4d. Please list any new software, services, or infrastructure support you will need over the next 5 years.
Due to the large memory requirement of future simulations, a higher bandwidth fileserver for I/O and checkpointing will be needed.
4e. It is believed that the dominant HPC architecture in the next 3-5 years will incorporate processing elements composed of 10s-1,000s of individual cores, perhaps GPUs or other accelerators. It is unlikely that a programming model based solely on MPI will be effective, or even supported, on these machines.
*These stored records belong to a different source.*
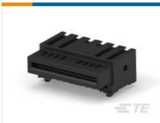
TE Part #2344064-4 CONNECTOR ASSEMBLY, SMT, OSFP 112
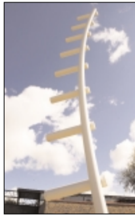
7 — "Standing Arch"
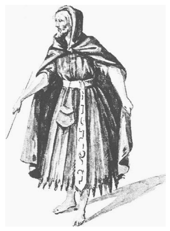
Fig. 1: Witch's costume

Scotland. By 1847 Verdi had developed a specific style for epigram: a way of thickening a terse melody into a sort of stage-object, something to be wielded, just as a character might wield a sword. Conspicuous examples can be found in Ernani (1844), in the rhyme that commands Ernani's suicide, or in Attila (1846), when Attila dreams of a huge old man who bars his path to Rome, saying:
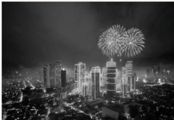
▲ Fireworks in Manila, Philippines, on New Year's Eve
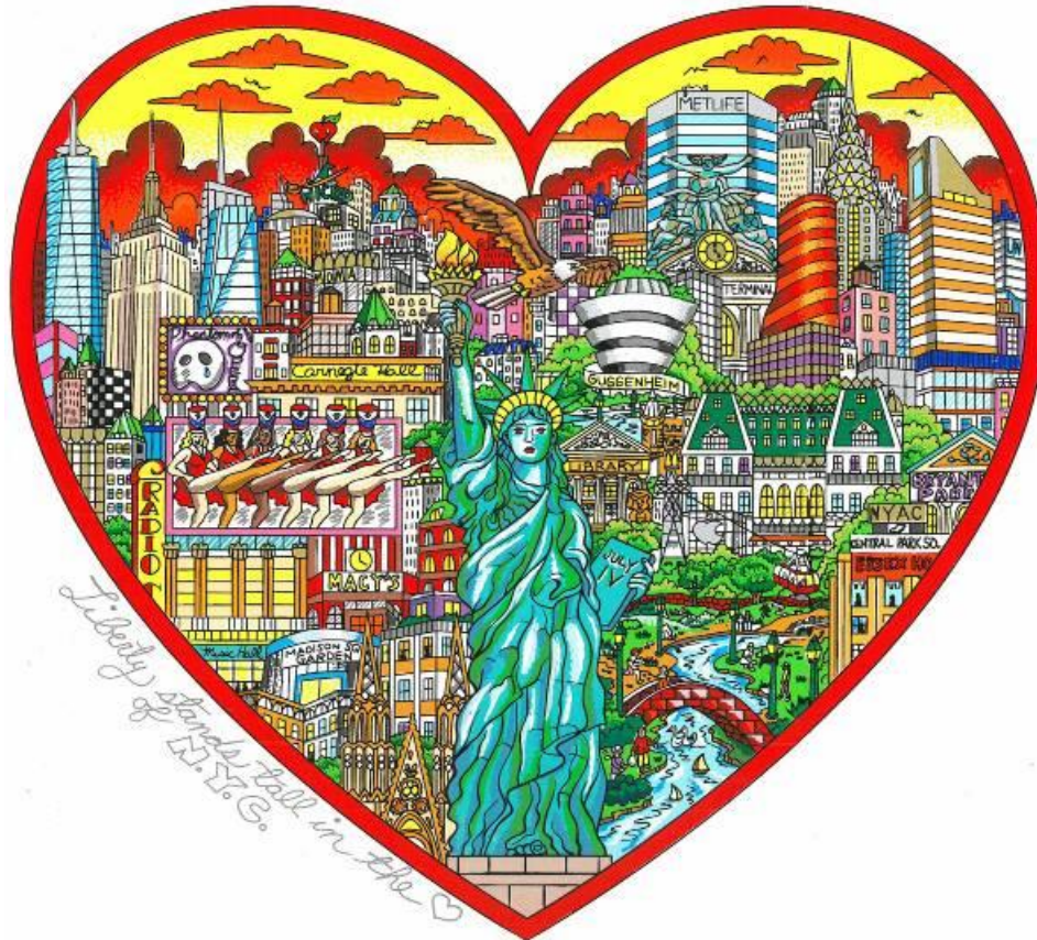
Liberty Stands Tall in the Heart of the Big Apple
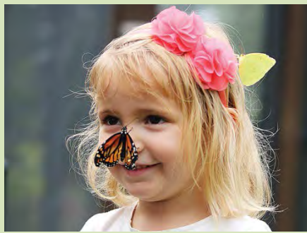
💧 Educational presentation
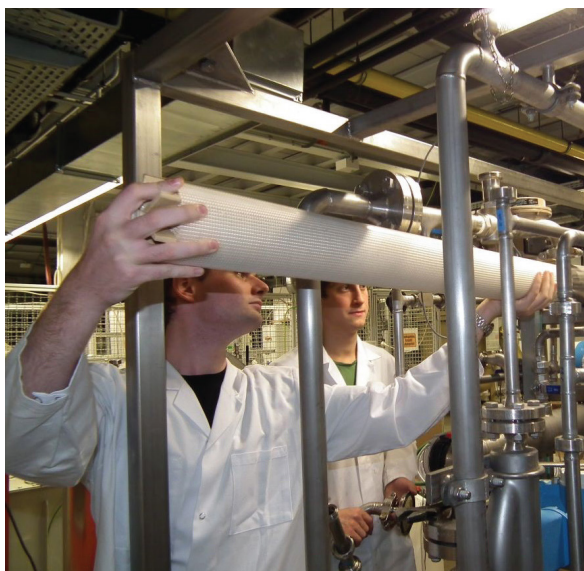
Three-stage pilot system (RO/NF/NF) with five 4“ membrane modules

In this process, membranes with lower retention capacities are deliberately used, so that the osmotic pressure difference can be controlled very precisely at every stage and lower process operating pressures of as low as 40 bar are sufficient. With intelligent recovery of the separated flows of recyclable materials into the upstream process steps, loss of valuable material is minimised. Water is only discharged in the reverse osmosis stage. As a result of the low process temperature – in comparison to the evaporation method – product quality increases. The number of stages can be adapted depending on the requirements for the concentration.
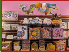
Marilyn Horne Museum Gift Shop Bradford
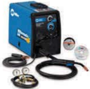
MILLERMATIC 140 W/ AUTOSET WELDS UP TO 3/16" STEEL, 14 GAUGE ALUMINUM WITH OPTIONAL SPOOLMATE 100 # 907335 $689
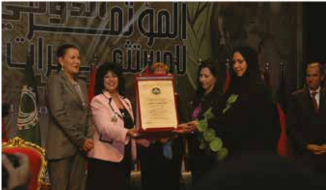
Her Royal Highness Princess Lalla Hasnaa receiving the shield of the Arab women Investors Union on behalf of His Majesty King Mohammed VI, King of the Kingdom of Morocco - 2009
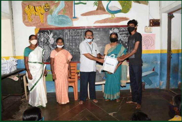
Medical kit distributed in Chettiyapatti

“ Necessity is the mother of invention ”
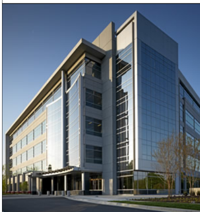
May CSAP 2013
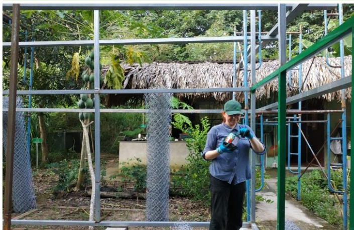
She is painting primate's cage
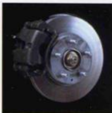
Ventilated front disc brakes
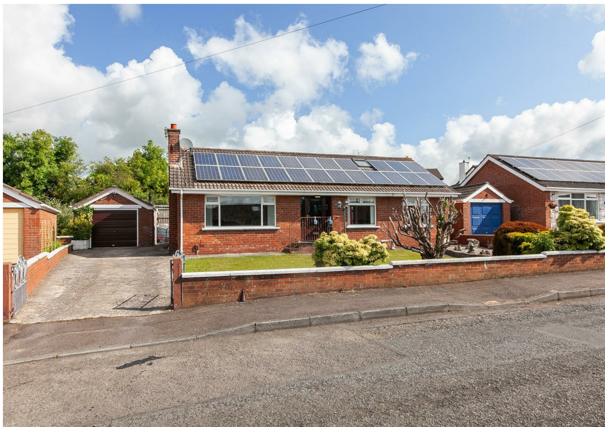
29 Loral Park, Newtownabbey, BT37 0LH
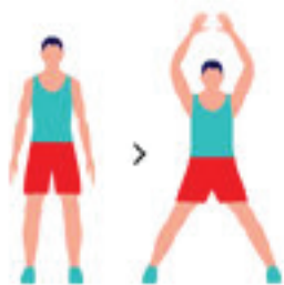
1. Jumping Jacks
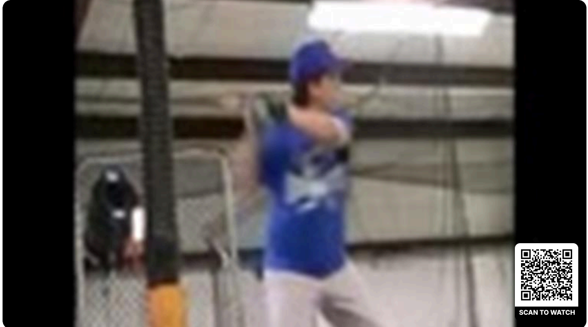
05-06 PAL Bullets Tribute

Do you have a strategy for computing in such an environment? If so, please briefly describe it.
Viktor Decyk of our group has ported his code UPIC to the GPU. This work, which relies on streaming of data, will also improve performance on other advanced architectures.
New Science With New Resources
To help us get a better understanding of the quantitative requirements we've asked for above, please tell us: What significant scientific progress could you achieve over the next 5 years with access to 50X the HPC resources you currently have access to at NERSC? What would be the benefits to your research field if you were given access to these kinds of resources?
Please explain what aspects of "expanded HPC resources" are important for your project (e.g., more CPU hours, more memory, more storage, more throughput for small jobs, ability to handle very large jobs).
With a 1 order of magnitude increase, we can study the effects of multiple (in this case, more than 2) beams on the excitation of SRS/2wp instabilities in NIF relevant regimes. However, with 2 order of magnitude increase, we can finally perform full 3D simulations of parametric instabilities using parameters relevant to NIF. Thus higher dimensional effects, such as side loss or wave front bending, can be investigated in full 3D geometry.